TASK ITEM: Write out the full set of records exactly. Any pictures in them do not belong in the copy.

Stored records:
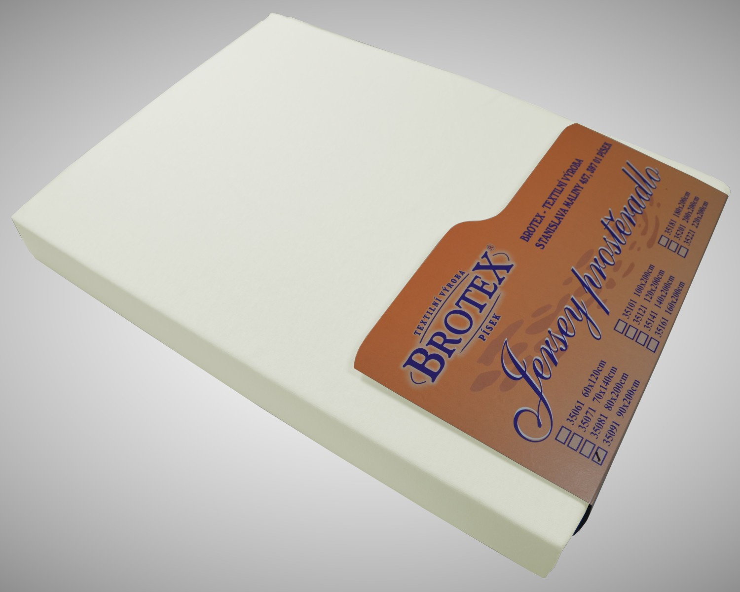 Napínací prostěradlo jersey je vyrobeno z velmi jemné napínací pleteniny ze 100% bavlny. Plošná hmotnost pleteniny jersey je 145g/m2. Pletenina je hladká, na omak velmi příjemná a jemná.
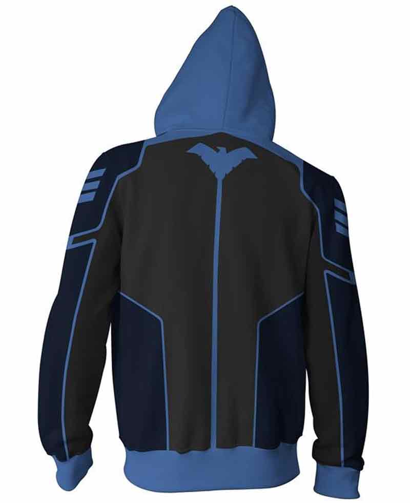 nightwing hoodie is fabricated from high quality fleece fabric. This jacket will keep you protected from cold weather and will make you feel warm and cozy. The inner side soft viscose lining makes this garb very comfortable to wear that you can wear it all day long. Selecting a perfect apparel to wear is a tough task therefore we bring you this jacket which you can wear casually or for a party wear. nightwing hoodie has full length sleeves on rib knitted cuffs along with a rib knitted waist hemline. This hoodie has front ykk branded zipper style closure that fits in perfectly with the style of this attire. This apparel has an attached hoodie. There are two pockets at waist in which you can rest your hands or can secure some stuff. You can get this apparel in a black and blue color. Order right now before we run out of stock.
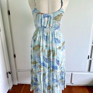 This gorgeous tropical floral print dress from Abercrombie & Fitch features a blend of blue and green hues, perfect for a spring picnic, the beach, or any occasion. This gathered, tiered dress is a light, soft, and flowy, and has an elasticated waist and delicate front button and tie details.
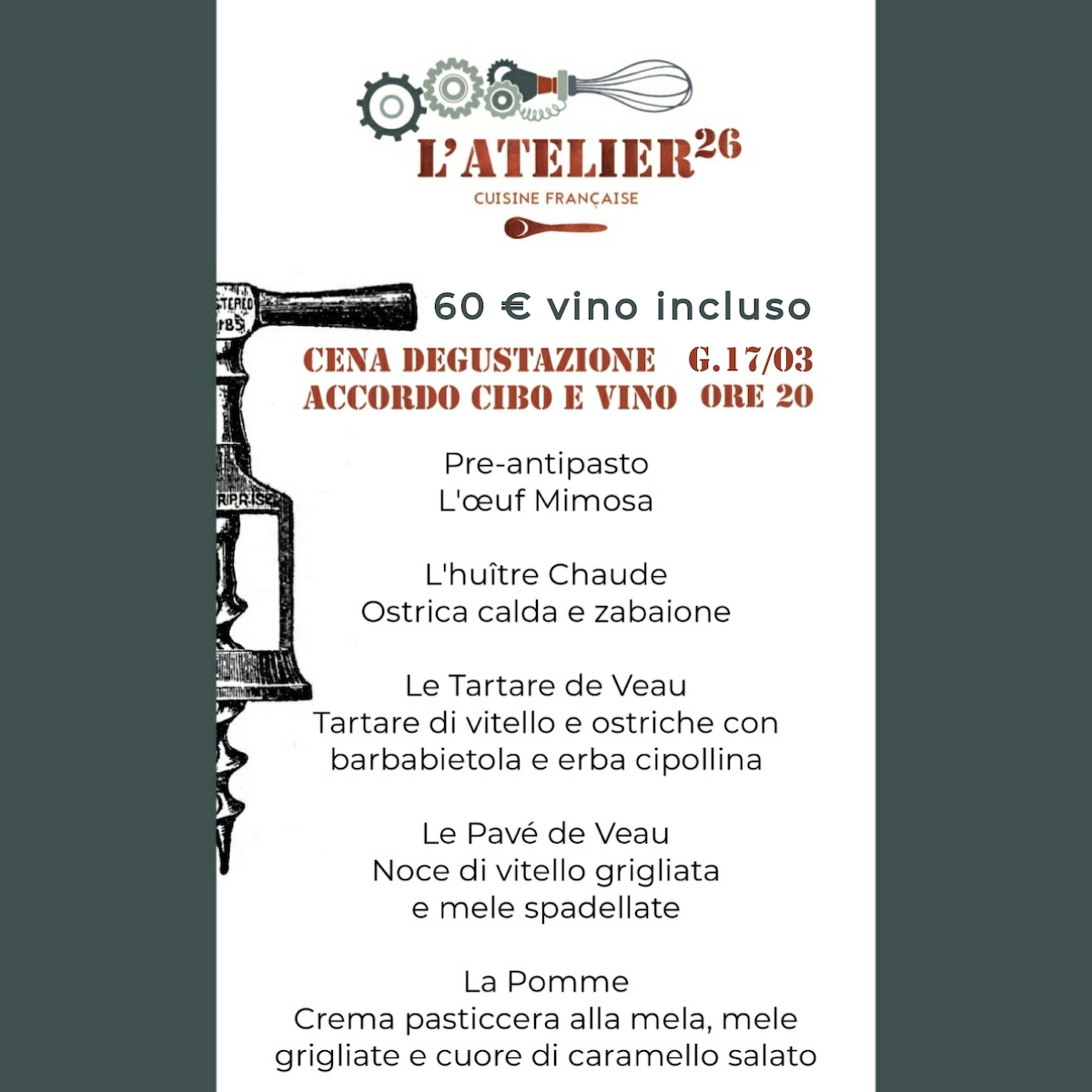 Ma l’Atelier 26 non è solo un luogo in cui mangiare, e mangiare molto bene. È anche un luogo di scoperta e di conoscenza. Una volta al mese, infatti, è possibile partecipare agli appuntamenti tematici alla scoperta, di volta in volta, di una precisa regione della Francia. Un vero e proprio itinerario di degustazione nella cucina d’oltralpe per viaggiare tra i sapori comodamente seduti a tavola.
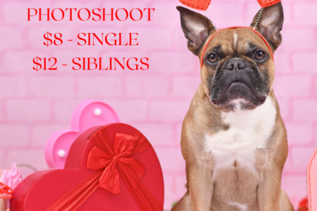 Capture the love this Valentine’s Day! As usual, costumes and outfits are always encouraged but never required. Single photos are $8, and sibling photos are $12, provided cooperation from each dog.
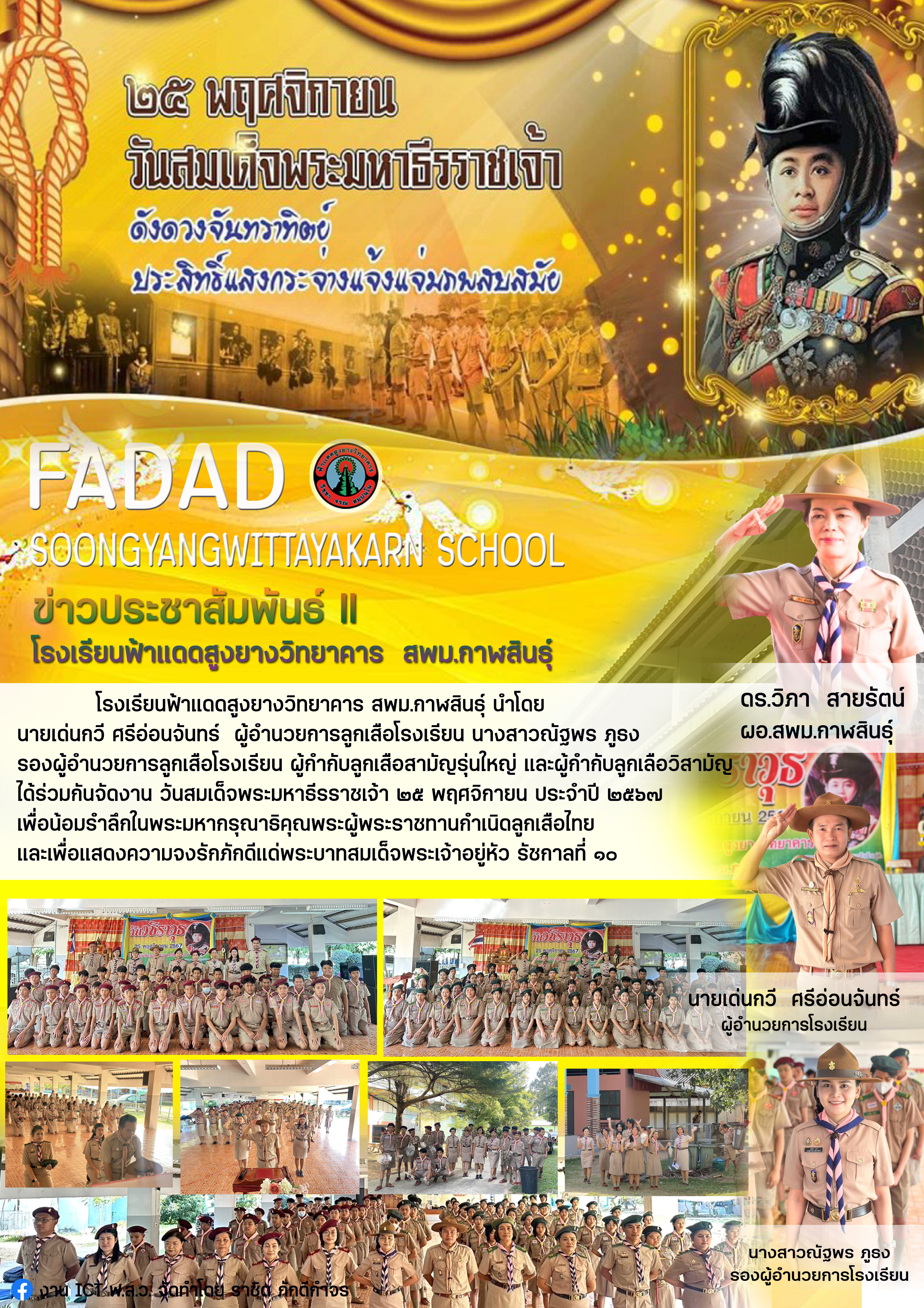 ข่าวประชาสัมพันธ์ โรงเรียนฟ้าแดดสูงยางวิทยาคาร สพม.กาฬสินธุ์ เรื่อง วันสมเด็จพระมหาธีรราชเจ้า
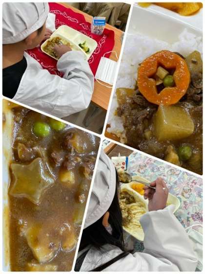 給食調理員さんが、ニンジンやダイコンを星形やハート形などにして調理してくださっています。自分のカレーにはいっていると「ラッキー!!」と喜んでいました。
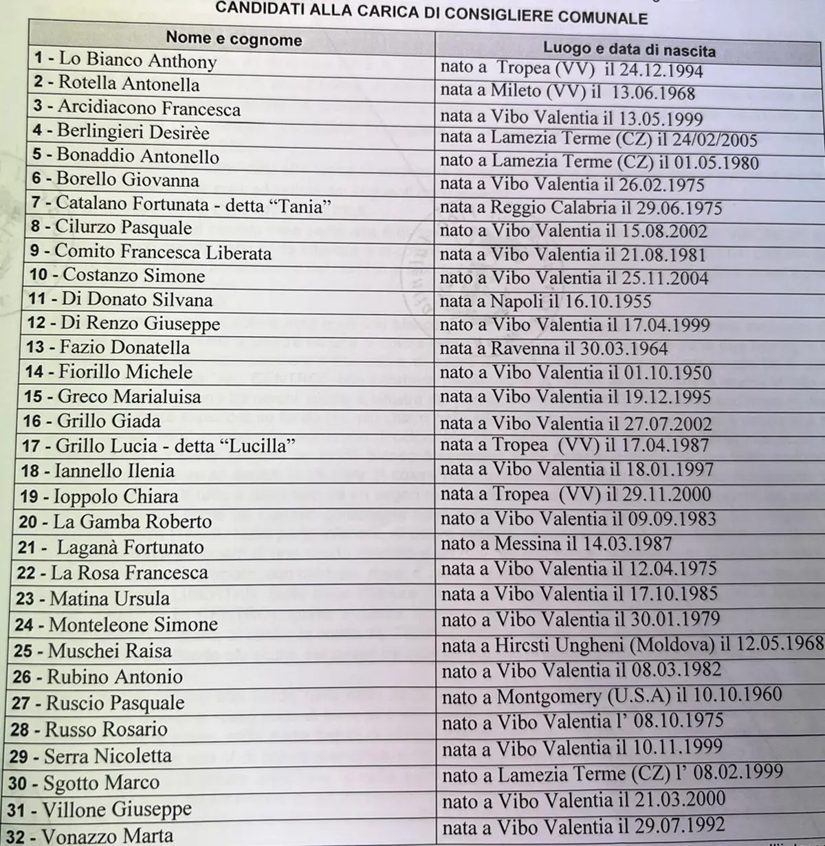 Cinque liste per la coalizione di centro in vista delle comunali di Vibo Valentia che vedono candidato a sindaco l’avvocato Francesco Muzzopappa. Oltre alla lista di Azione (LEGGI QUI: Comunali a Vibo, la lista di Azione a sostegno del candidato Muzzopappa), la lista denominata “Insieme al Centro” schiera i seguenti aspiranti consiglieri comunali: Maria Rosaria Nesci, Mino De Pinto, Francesco Alessandria, Francesco Antonio Artusa, Silvio Biondino, Renato Bulzomì, Francesco Calzone, Bruno Giovanni Carè, Domenico Francesco Castagna, Caterina Natale, Danilo Coloca, Federica Crudo, Raffaellina De Fina, Nunzio Fortuna, Salvatore Grasso, Cesare Ierullo, Giuseppe Librandi, Giulia Lico, Francesca Lo Bianco, Michelina Mancuso, Antonella Massaria, Caterina Mongiana, Nicoletta Alba, Giovanna Parise, Domenico Polistina, Giuseppe Ramondino, Francesco Rottura, Antonio Schiavone, Antonio Scriva, Ivan Servelli, Francesco Tolomeo, Sisto Tozzo. Di seguito e in basso tutte le altre liste della coalizione di centro.
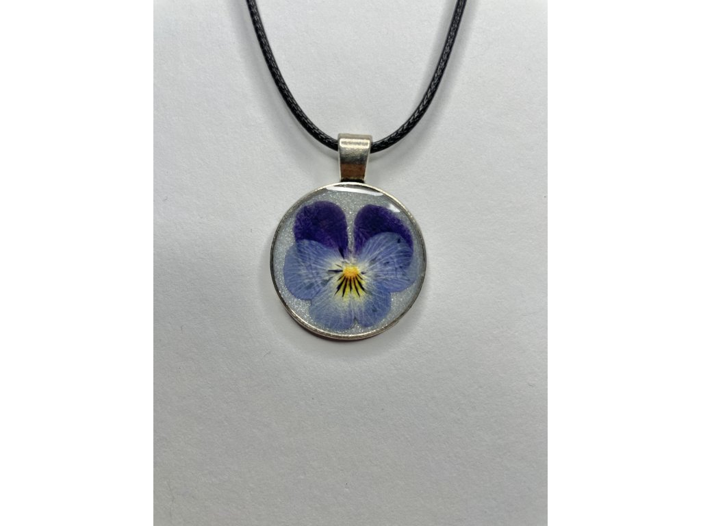 Ručně vyráběný epoxidový medailon s pravými květy macešek, zasazený do zlaté bižuterní slitiny. Originální šperk zavěšený na černé šňůrce.
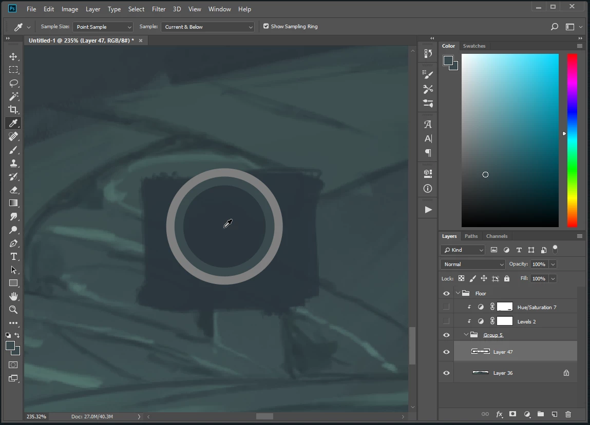 When I try to color-pick from a layer nested in a group that has adjustment layers set to clip to that group, the color picker will select colors not from the current layer's pixels, but from those belonging to the layers below it.
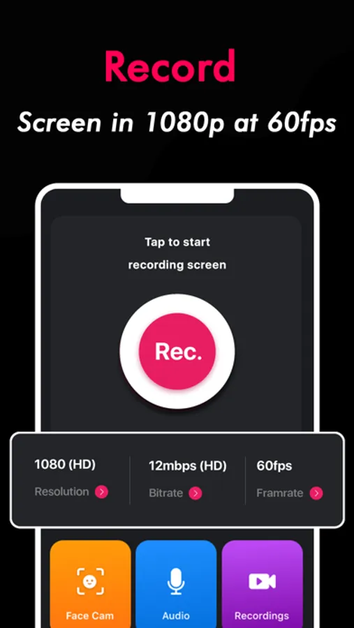 Screen Recorder HD in high-definition without limits. Start recording with one tap.
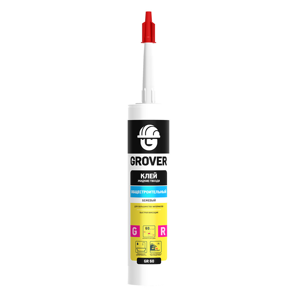 Общестроительный клей Grover GR60 на основе синтетического каучука обеспечивает быструю фиксацию склеиваемых элементов и образует прочный, долговечный и эластичный шов устойчивый к легким динамическим нагрузкам. Прочность на сдвиг 60кг/см2. Подходит для помещений с повышенной влажностью. Устойчив к воздействию влаги, химических веществ, атмосферных факторов, УФ и старению. Имеет превосходную адгезию к широкому спектру строительных материалов. Не агрессивен к пластикам.

ANSWER AREA:
 Napínací prostěradlo jersey je vyrobeno z velmi jemné napínací pleteniny ze 100% bavlny. Plošná hmotnost pleteniny jersey je 145g/m2. Pletenina je hladká, na omak velmi příjemná a jemná.
 nightwing hoodie is fabricated from high quality fleece fabric. This jacket will keep you protected from cold weather and will make you feel warm and cozy. The inner side soft viscose lining makes this garb very comfortable to wear that you can wear it all day long. Selecting a perfect apparel to wear is a tough task therefore we bring you this jacket which you can wear casually or for a party wear. nightwing hoodie has full length sleeves on rib knitted cuffs along with a rib knitted waist hemline. This hoodie has front ykk branded zipper style closure that fits in perfectly with the style of this attire. This apparel has an attached hoodie. There are two pockets at waist in which you can rest your hands or can secure some stuff. You can get this apparel in a black and blue color. Order right now before we run out of stock.
 This gorgeous tropical floral print dress from Abercrombie & Fitch features a blend of blue and green hues, perfect for a spring picnic, the beach, or any occasion. This gathered, tiered dress is a light, soft, and flowy, and has an elasticated waist and delicate front button and tie details.
 Ma l’Atelier 26 non è solo un luogo in cui mangiare, e mangiare molto bene. È anche un luogo di scoperta e di conoscenza. Una volta al mese, infatti, è possibile partecipare agli appuntamenti tematici alla scoperta, di volta in volta, di una precisa regione della Francia. Un vero e proprio itinerario di degustazione nella cucina d’oltralpe per viaggiare tra i sapori comodamente seduti a tavola.
 Capture the love this Valentine’s Day! As usual, costumes and outfits are always encouraged but never required. Single photos are $8, and sibling photos are $12, provided cooperation from each dog.
 ข่าวประชาสัมพันธ์ โรงเรียนฟ้าแดดสูงยางวิทยาคาร สพม.กาฬสินธุ์ เรื่อง วันสมเด็จพระมหาธีรราชเจ้า
 給食調理員さんが、ニンジンやダイコンを星形やハート形などにして調理してくださっています。自分のカレーにはいっていると「ラッキー!!」と喜んでいました。
 Cinque liste per la coalizione di centro in vista delle comunali di Vibo Valentia che vedono candidato a sindaco l’avvocato Francesco Muzzopappa. Oltre alla lista di Azione (LEGGI QUI: Comunali a Vibo, la lista di Azione a sostegno del candidato Muzzopappa), la lista denominata “Insieme al Centro” schiera i seguenti aspiranti consiglieri comunali: Maria Rosaria Nesci, Mino De Pinto, Francesco Alessandria, Francesco Antonio Artusa, Silvio Biondino, Renato Bulzomì, Francesco Calzone, Bruno Giovanni Carè, Domenico Francesco Castagna, Caterina Natale, Danilo Coloca, Federica Crudo, Raffaellina De Fina, Nunzio Fortuna, Salvatore Grasso, Cesare Ierullo, Giuseppe Librandi, Giulia Lico, Francesca Lo Bianco, Michelina Mancuso, Antonella Massaria, Caterina Mongiana, Nicoletta Alba, Giovanna Parise, Domenico Polistina, Giuseppe Ramondino, Francesco Rottura, Antonio Schiavone, Antonio Scriva, Ivan Servelli, Francesco Tolomeo, Sisto Tozzo. Di seguito e in basso tutte le altre liste della coalizione di centro.
 Ručně vyráběný epoxidový medailon s pravými květy macešek, zasazený do zlaté bižuterní slitiny. Originální šperk zavěšený na černé šňůrce.
 When I try to color-pick from a layer nested in a group that has adjustment layers set to clip to that group, the color picker will select colors not from the current layer's pixels, but from those belonging to the layers below it.
 Screen Recorder HD in high-definition without limits. Start recording with one tap.
 Общестроительный клей Grover GR60 на основе синтетического каучука обеспечивает быструю фиксацию склеиваемых элементов и образует прочный, долговечный и эластичный шов устойчивый к легким динамическим нагрузкам. Прочность на сдвиг 60кг/см2. Подходит для помещений с повышенной влажностью. Устойчив к воздействию влаги, химических веществ, атмосферных факторов, УФ и старению. Имеет превосходную адгезию к широкому спектру строительных материалов. Не агрессивен к пластикам.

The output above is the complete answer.